- _Task instructions_: Would you retype the listing below word for word, without any of its pictures?

══ Data extract ══

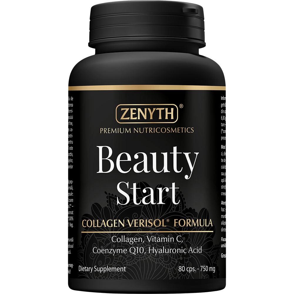 Supliment Beauty Start Colagen + Vit C + Coenzima Q10 + Hialuronat Sodiu, 80 capsule, ZENYTH
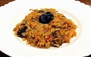 Ингредиенты: 500 г белокочанной капусты, 4 чернослива, 30 г грецких орехов, 200 мл воды, 20 г сливочного масла, сок небольшого лимона, 20 г твердого сыра, щепотка тмина.
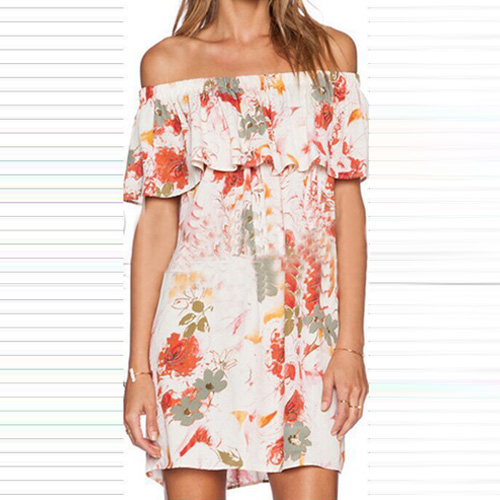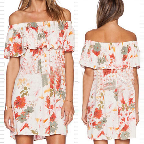 and everything in between. Sweet floral print pattern,with sexy slash neck and off-shoulder design.

═══

- _Solution to this task_:
 Supliment Beauty Start Colagen + Vit C + Coenzima Q10 + Hialuronat Sodiu, 80 capsule, ZENYTH
 Ингредиенты: 500 г белокочанной капусты, 4 чернослива, 30 г грецких орехов, 200 мл воды, 20 г сливочного масла, сок небольшого лимона, 20 г твердого сыра, щепотка тмина.
 and everything in between. Sweet floral print pattern,with sexy slash neck and off-shoulder design.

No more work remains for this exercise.